→ **Entries taken from a collection**
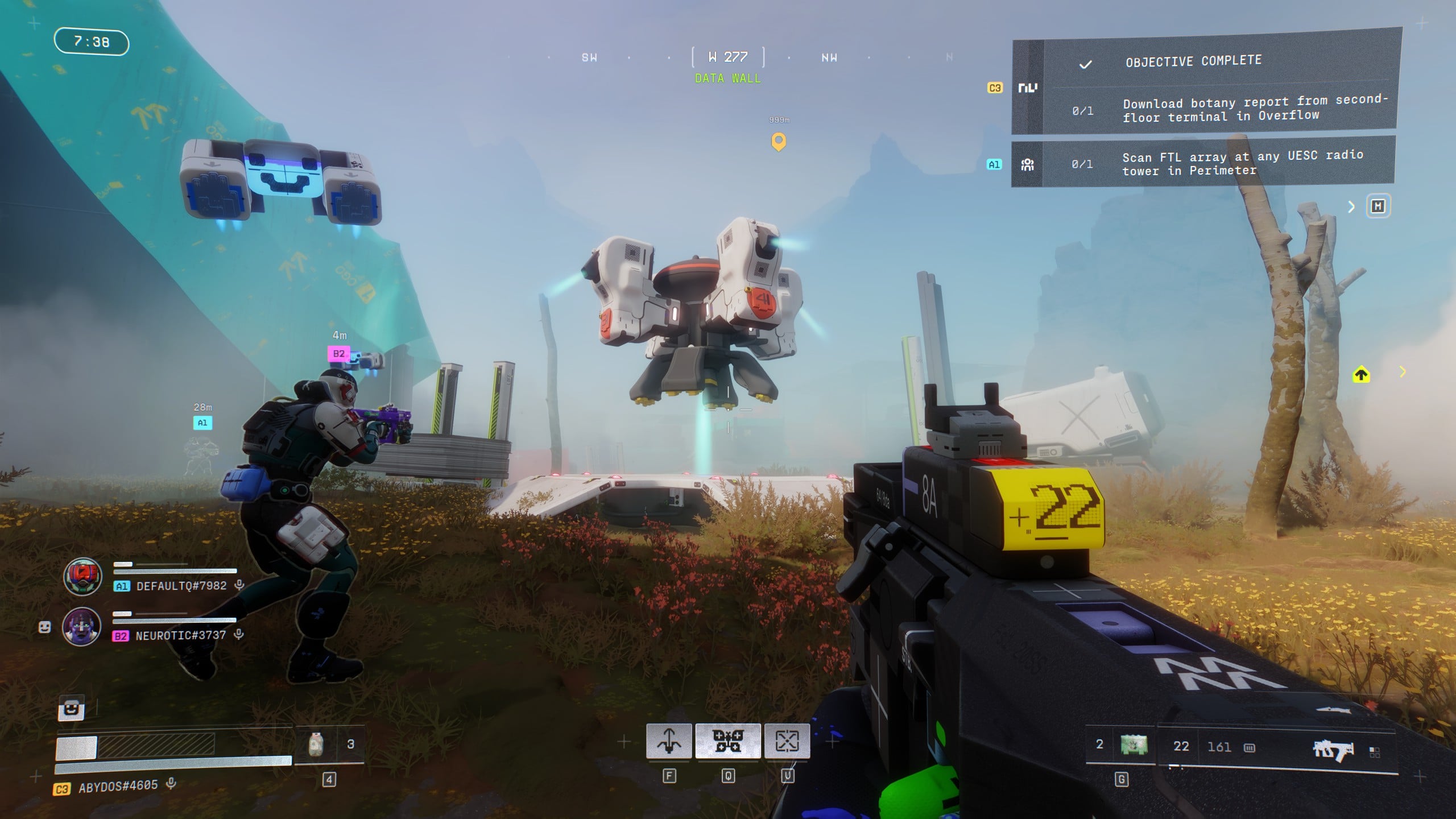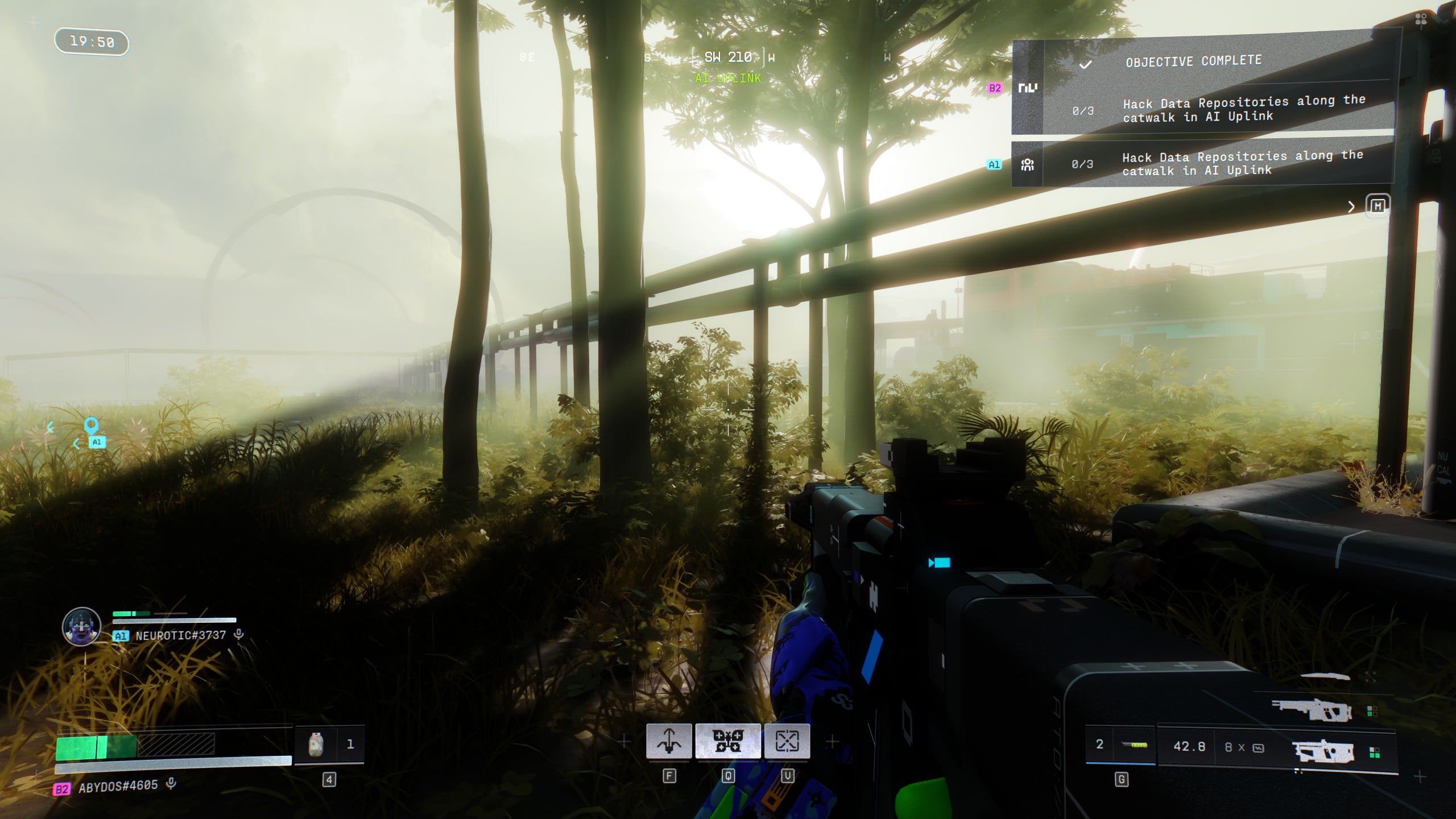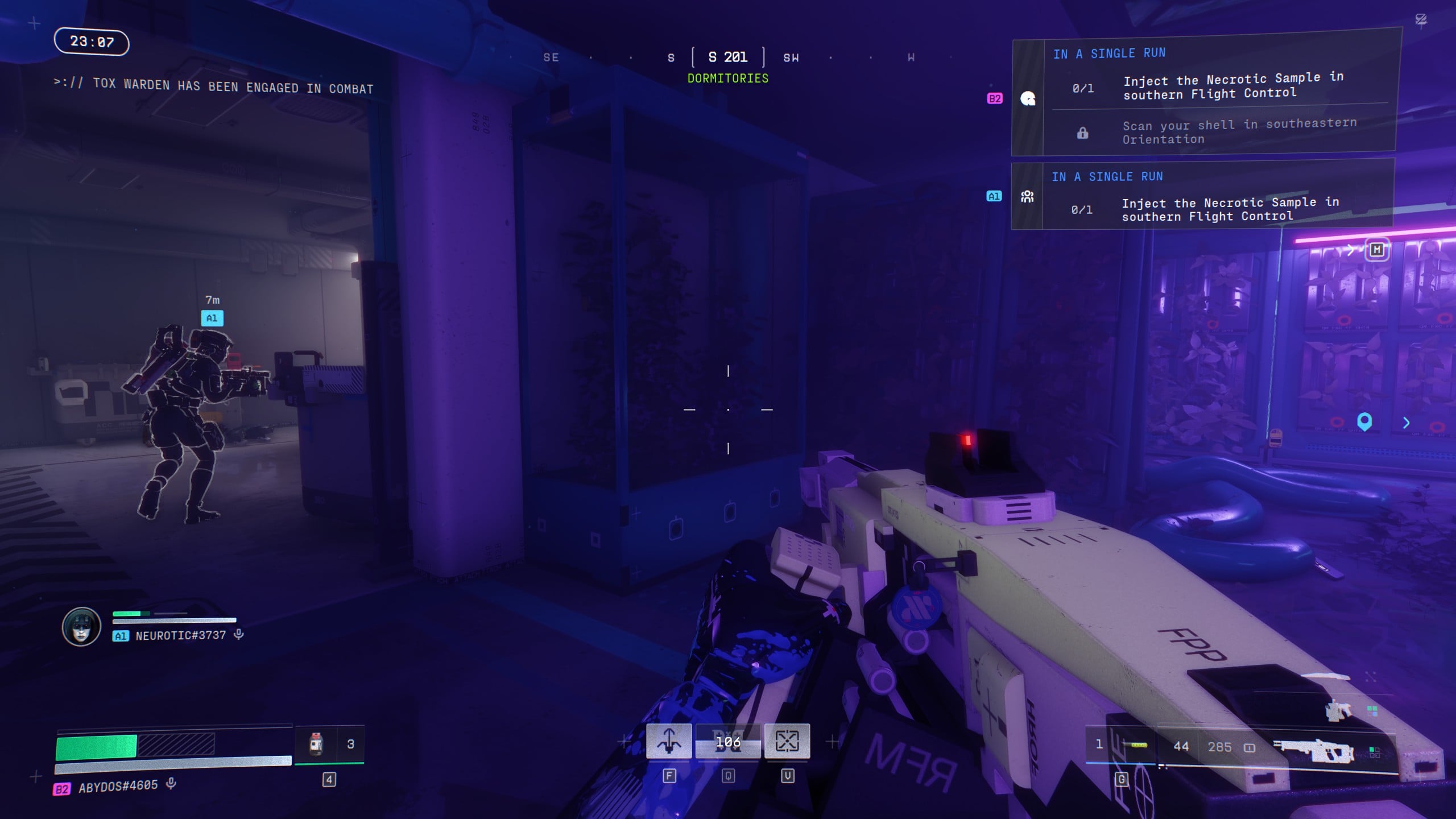 Az Escape from Tarkovhoz képest azonban a Marathon könnyedebb játéknak tűnik. Említettem, hogy a Server Slam nem tetszett. Bár a játék alapmechanikája és működése rendkívül hasonló, valószínű, hogy túlságosan is agresszíven játszottam, pont úgy, ahogyan egy Destiny, Halo féle játékot játszani szokás. Bemész, meglátsz valakit, és persze óvatos vagy, de lelövöd. A legtöbb extraction shooter játékban, mint ahogy említettem is, ez 1-2 jól irányzott lövés. A Marathon azonban inkább a Halo stílusú mechanikát viszi, tehát tunkolni kell az ellent, hogy végre megadja magát. Ráadásul egy-egy ellenfél ellenállóbb, így van olyan robot, amit sokáig kell győzködni, hogy végre térdre kényszerüljön.
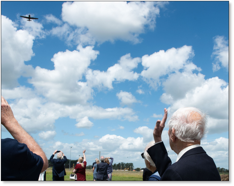 Departing the reunion, the aircraft overflew the ‘Feast’ event taking place on Waterbeach village green.
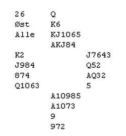 "Nei, Snurr. Det er ikke Lavintahl i denne posisjonen". Jeg bøyer hodet i skam, men spør ærbødigst hvordan vi skulle klart dette hvis vest hadde hatt f.eks kløver knekt og spillefører K10, slik at jeg MÅTTE tidlig inn? Dette også gitt at spillefører han dobbel ruter.
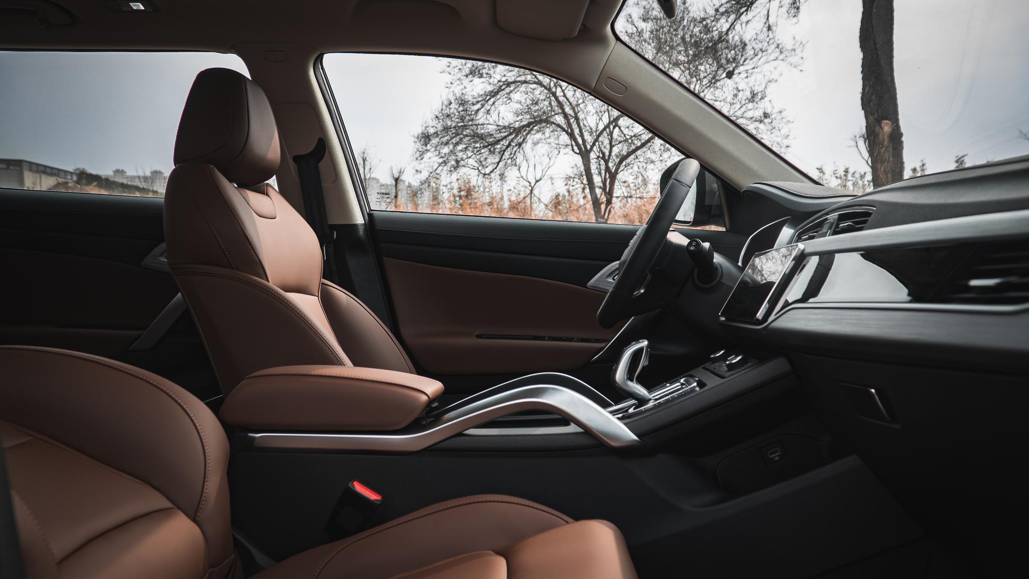 内饰上,博越亚运版采用棕色豪华内饰,搭配了全新座椅。座椅的填充物配置相对柔软,且座椅设计加长了35mm坐垫腿托,能够带来更舒适的乘坐感受,并且主驾驶支持6向电动调节。
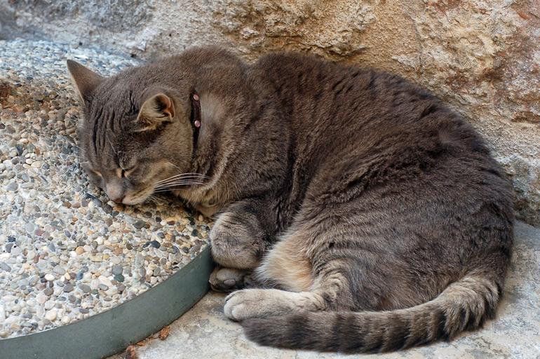 Keywords: grey tabby cat sleeping pebbles wall beige brown

→ **What needs to be done**
Skip the pictures and transcribe the rest of the records exactly.

→ **Response area**
 Az Escape from Tarkovhoz képest azonban a Marathon könnyedebb játéknak tűnik. Említettem, hogy a Server Slam nem tetszett. Bár a játék alapmechanikája és működése rendkívül hasonló, valószínű, hogy túlságosan is agresszíven játszottam, pont úgy, ahogyan egy Destiny, Halo féle játékot játszani szokás. Bemész, meglátsz valakit, és persze óvatos vagy, de lelövöd. A legtöbb extraction shooter játékban, mint ahogy említettem is, ez 1-2 jól irányzott lövés. A Marathon azonban inkább a Halo stílusú mechanikát viszi, tehát tunkolni kell az ellent, hogy végre megadja magát. Ráadásul egy-egy ellenfél ellenállóbb, így van olyan robot, amit sokáig kell győzködni, hogy végre térdre kényszerüljön.
 Departing the reunion, the aircraft overflew the ‘Feast’ event taking place on Waterbeach village green.
 "Nei, Snurr. Det er ikke Lavintahl i denne posisjonen". Jeg bøyer hodet i skam, men spør ærbødigst hvordan vi skulle klart dette hvis vest hadde hatt f.eks kløver knekt og spillefører K10, slik at jeg MÅTTE tidlig inn? Dette også gitt at spillefører han dobbel ruter.
 内饰上,博越亚运版采用棕色豪华内饰,搭配了全新座椅。座椅的填充物配置相对柔软,且座椅设计加长了35mm坐垫腿托,能够带来更舒适的乘坐感受,并且主驾驶支持6向电动调节。
 Keywords: grey tabby cat sleeping pebbles wall beige brown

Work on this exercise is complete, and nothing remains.